Extrait de l’article
L’État, constate Marcel Gauchet, "[…] naît de l’aboutissement et du dénouement dans l’ordre politique de la crise de la médiation ouverte par la Réforme dans l’ordre religieux". C’est en effet, pratiquement, "[…] au titre de la raison d’État que la notion même d’État s’installe au centre de la scène politique". Ce déplacement emporte des conséquences radicales : l’émergence de l’État se traduit par un changement global de la logique du politique. Nous voici dans une dynamique qui modifie le principe même de la légitimité d’un roi qui cesse de participer au divin pour mieux affirmer l’absolue supériorité de son pouvoir. Cependant, l’impersonnalité du principe du pouvoir exclut, à terme, toute personnification royale, tandis que les communautés, cessant de faire lien, s’effacent devant le corps politique dont l’État est l’organisateur et la ratio.

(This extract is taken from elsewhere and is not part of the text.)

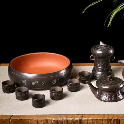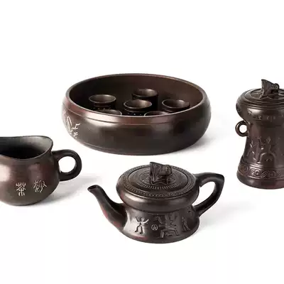 Guangxi gift nationalities Qinzhou Nixing pottery small Zhuang soul 10 sets of pure hand-made tea set Huashan rock painting process

L’analyse de l’apparition de la raison d’État semble incontestable. Une telle conclusion pourrait pourtant surprendre, car elle laisse entendre que le discours sur la raison d’État a pu, à certains égards, précéder la réalité de l’État. Ses enjeux décisifs – l’auteur parle de révolution – méritent qu’on souligne ce paradoxe apparent en rappelant que ce que nous appelons État pour caractériser la France du XVIIe siècle ne répond que très imparfaitement à la définition que nous donnons aujourd’hui du mot. Avant d’être un État, la France forme une monarchie. On ne pensera pas Louis XIV comme un chef d’État mais plutôt comme un roi empereur en son royaume : c’est bien le monarque et non l’État qui est souverain.